Exercises to Take Down Underarm Fat
September 18, 2023
September 18, 2023
Underarm fat, often referred to as “bat wings” or “flabby arms,” is a common concern for many individuals seeking to achieve a toned and sculpted upper body. It can affect people of all ages and fitness levels, and while it’s important to remember that spot reduction isn’t entirely possible, targeted exercises can help strengthen and tone the muscles in the underarm area.
If you’ve been wondering how to tackle underarm fat and are eager to show off firmer, more defined arms, you’re in the right place. This article will guide you through 10 highly effective exercises that have been tried and tested to take down underarm fat. By incorporating these exercises into your fitness routine and complementing them with a balanced diet, you can work towards achieving the lean and attractive arms you desire.
In the following sections, we will explore each exercise in detail, providing step-by-step instructions, variations to suit different fitness levels and insights into how these exercises target the underarm area. Additionally, we will discuss the importance of cardiovascular workouts, diet, and nutrition tips, as well as the significance of consistency and goal setting in your fitness journey.
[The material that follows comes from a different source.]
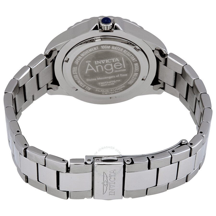 Stainless steel case with a stainless steel bracelet. Fixed stainless steel bezel. White mother of pearl dial with luminous silver-tone hands and index hour markers. Minute markers around the outer rim. Dial Type: Analog. Luminescent hands and markers. Three multi-function sub-dials displaying: date, day of the week and 24-hour. Caliber VH68 quartz movement. Scratch resistant flame fusion crystal. Pull / push crown. Solid case back. Round case shape. Case size: 38 mm. Case thickness: 11 mm. Band width: 18 mm. Band length: 7 inches. Fold over clasp with a push button release. Water resistant at 100 meters / 330 feet. Functions: date, day, GMT, second time zone, hour, minute, second. Casual watch style. Watch label: Japan Movt. Invicta Angel Quartz White Mother of Pearl Dial Ladies Watch 29106.

Push-ups are a classic and highly effective exercise that primarily targets the chest, shoulders, and triceps, making them an excellent choice for addressing underarm fat. By incorporating push-ups into your regular workout routine, you can strengthen and tone the muscles in your upper body, ultimately reducing the appearance of flab in the underarm area.
Starting Position: Begin by positioning yourself face down on the floor, with your hands placed slightly wider than shoulder-width apart. Keep your toes tucked under and your body in a straight line from head to heels.
Execution: Lower your body towards the ground by bending your elbows, ensuring they stay close to your torso. Continue to descend until your chest is just above the floor or as low as your flexibility allows.
Push Back Up: Push your body back up to the starting position by extending your elbows. Keep your body in a straight line throughout the movement, engaging your core muscles for stability.
Modified Push-Ups: If standard push-ups are too challenging, you can perform modified push-ups by keeping your knees on the ground instead of your toes.
Incline Push-Ups: To make push-ups easier, perform them with your hands on an elevated surface, such as a bench or a sturdy chair. This reduces the amount of body weight you have to lift.
Diamond Push-Ups: Place your hands close together under your chest, forming a diamond shape with your thumbs and index fingers. This variation targets the triceps even more intensely.
Triceps Engagement: Push-ups heavily engage the triceps, the muscles at the back of your upper arm, which is a key area for reducing underarm fat.
Compound Movement: Push-ups are a compound exercise, meaning they work multiple muscle groups simultaneously. This results in increased calorie expenditure and overall fat loss.
No Equipment Required: Push-ups can be done anywhere and require no special equipment, making them a convenient exercise for incorporating into your routine.
Strength and Endurance: Regularly performing push-ups not only tones your underarm area but also improves your upper body strength and endurance.
Tricep dips are another effective exercise that specifically targets the triceps, helping to tone and strengthen the underarm area. By including tricep dips in your workout routine, you can work towards achieving sleek and sculpted arms.
Equipment Setup: You’ll need a sturdy surface, like parallel bars, a bench, or two stable chairs placed shoulder-width apart. Ensure the equipment is secure before starting.
Starting Position: Sit on the edge of the chosen surface with your palms gripping the edges, fingers pointing forward. Place your heels on the ground, with your legs extended in front of you.
Execution: Lower your body by bending your elbows, keeping them close to your body. Lower yourself until your upper arms are parallel to the ground or until you feel a stretch in your triceps.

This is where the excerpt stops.